Aurore et Mattia avancent dans l'histoire qu'ils construisent, tandis qu'une clé vient ouvrir la boîte de Pandore, des portes claquent dans le vent, des abîmes s'ouvrent sous leurs pas affolés... C'est comme une toile d'araignée qui vient saisir le passé dans sa nasse.
Ce roman aux allures rythmées d'un thriller nous entraîne dans une histoire qui y ressemble, qui s'en échappe aussi et c'est un vrai bonheur.
La construction est originale, à partir de la découverte de manuscrits, points de départ du livre, ce sont des récits qui s'enchâssent avec harmonie jusqu'au dénouement final.
Des thèmes qui me sont chers sont venus ici au rendez-vous, comme celui de la filiation ou du déterminisme social et même si la narration nous entraîne dans un monde de ténèbres, la lumière qui anime certains personnages est particulièrement belle. J'ai été notamment touchée par ce très beau portrait d'Yselda, cette enfant des bidonvilles de Bombay...

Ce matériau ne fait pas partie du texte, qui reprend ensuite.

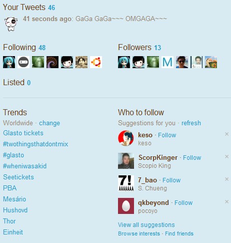 这个是新版本twitter的右侧,显示着我们twitter的基本信息,也是非常的简明扼要,有我们推过多少,多少人fo我们,我们fo多少人。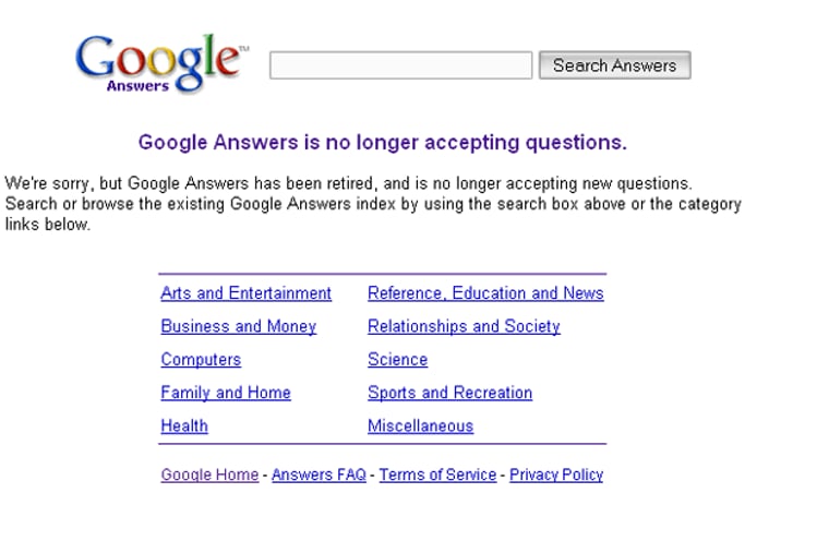 Auch in seiner eigentlichen Domäne, der Suche läuft nicht immer alles nach Plan. Mit "Google Answers" konnten Nutzer ihre Anfragen von einem professionellen Suchteam gegen Gebühr bearbeiten lassen. 2006 wurde das Projekt beendet.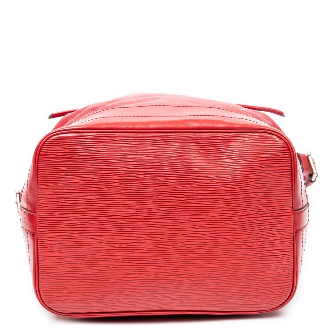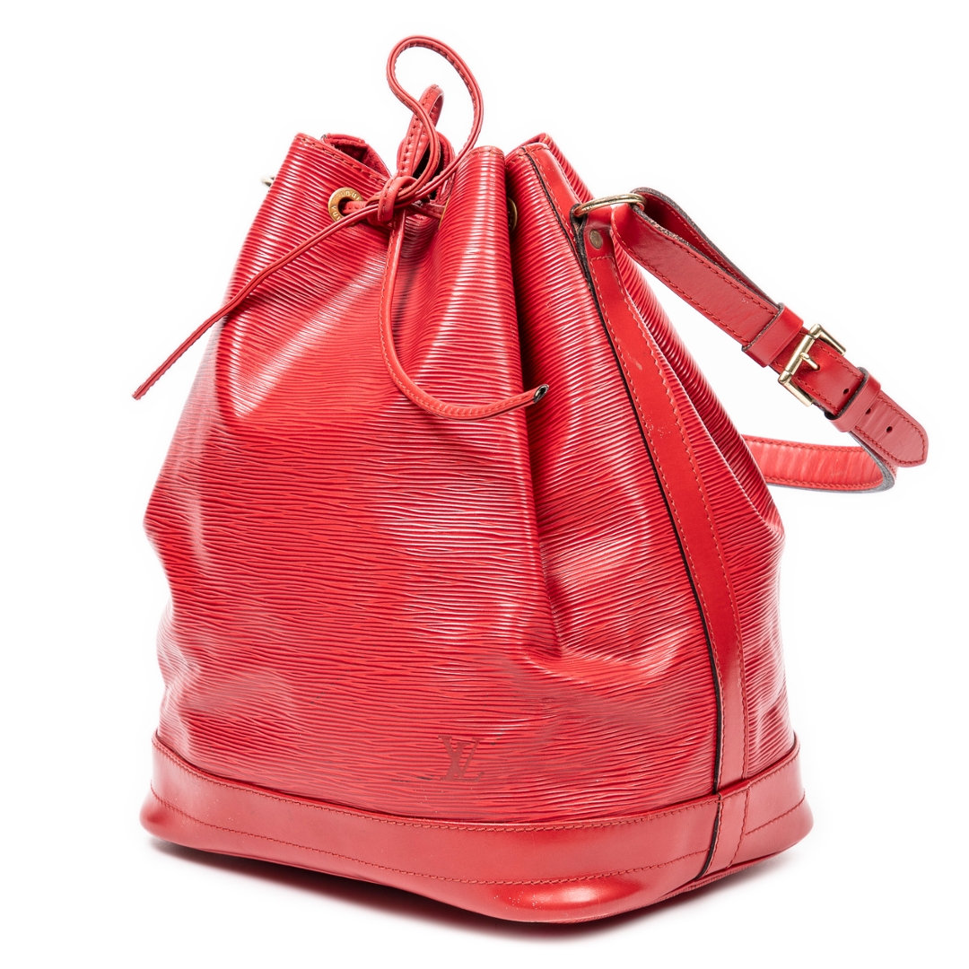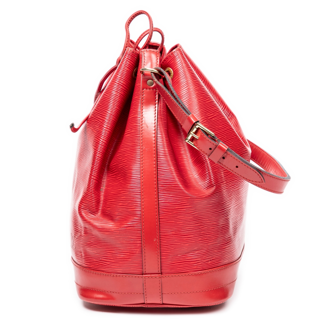 A vintage Louis Vuitton red calf leather Noe bag with a certificate of authenticity. Approximately 34cm height, 27cm width.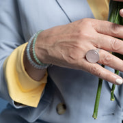 Anillo ajustable conformado por un cabuchón de cuarzo rosa circular biselado.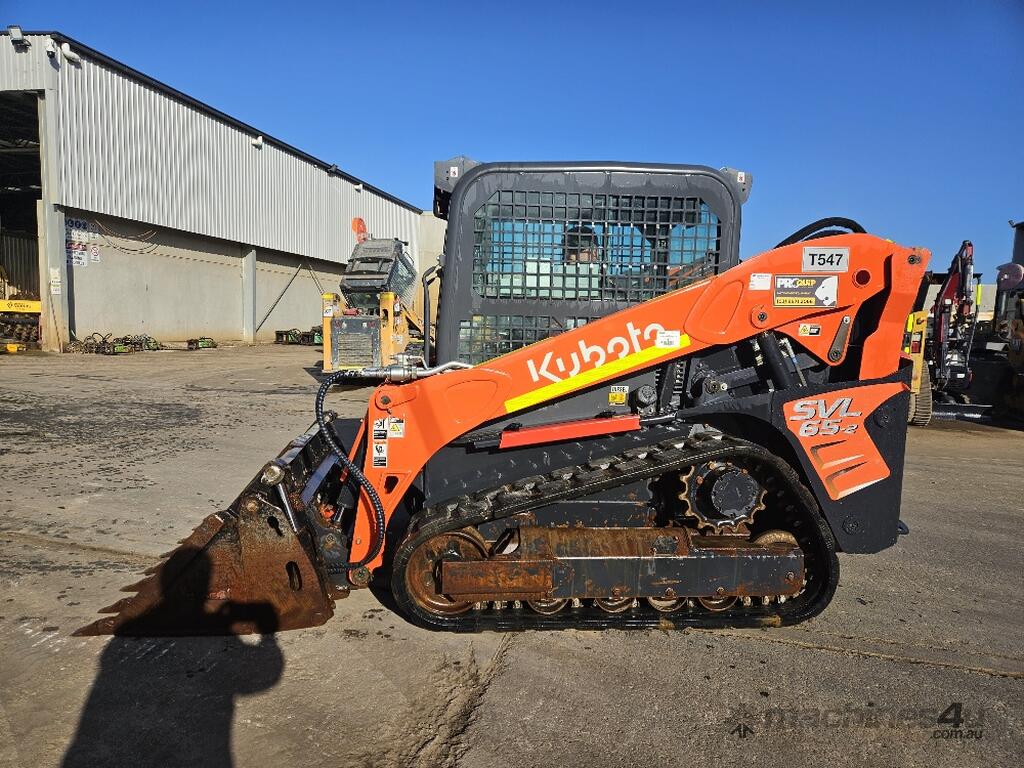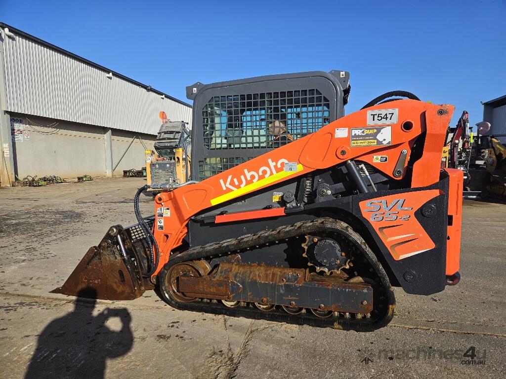2022 KUBOTA SVL65-2 TRACKED LOADER (T547) IN VERY GOOD CONDITION WITH LOW 760 HRS, RUBBER TRACKS, ROPS A/C CABIN, 4 IN 1 BUCKET, HYDRAULIC QUICK HITCH, UHF RADIO, E-STOPS, REAR VIEW CAMERA, FULL CIVIL SPEC, 67 HP POWERFUL KUBOTA DIESEL ENGINE, VERTICAL LIFT LOADER ARMS, PILOT CONTROLS (ISO STANDARD), 2 TRAVEL SPEED, FULL WORK LIGHTS, HIGH BACK SUSPENSION SEAT, LOW MAINTENANCE UNDERCARRIAGE, AUXILIARY HYDRAULICS AND ELECTRICS. FULL HISTORY, READY FOR WORK. 3-MONTH DRIVETRAIN WARRANTY

Parfois la compassion, le pardon, la rédemption viennent bousculer certains itinéraires qu'on croyait immuables.
Le Mirage de la justice est mon deuxième rendez-vous avec un roman de notre amie Laure Barachin (Melpomene125 sur Babelio). le premier était Les enfants du mal.
Le Mirage de la justice est une suite à ce roman, mais je pense qu'il peut être lu indépendamment. Cependant, je vous encourage à lire les deux, pour le plaisir de connaître l'histoire torturée et bouleversante des parents d'Aurore... Et pour le plaisir aussi de venir à la rencontre d'une grande autrice.
Un des chapitre de ce livre commence par une citation d'Emily Brontë, dans Les Hauts de Hurle-vent :
« Ne me laisse pas dans cet abîme où je ne puis te trouver. Oh ! Dieu ! C'est indicible ! Je ne peux pas vivre sans ma vie ! Je ne peux pas vivre sans mon âme ! »
Cette très belle citation, choisie à juste titre par Laure Barachin fait merveilleusement écho aux tréfonds de l'âme qui soutiennent l'édifice de ce récit empli d'ombres et d'humanité.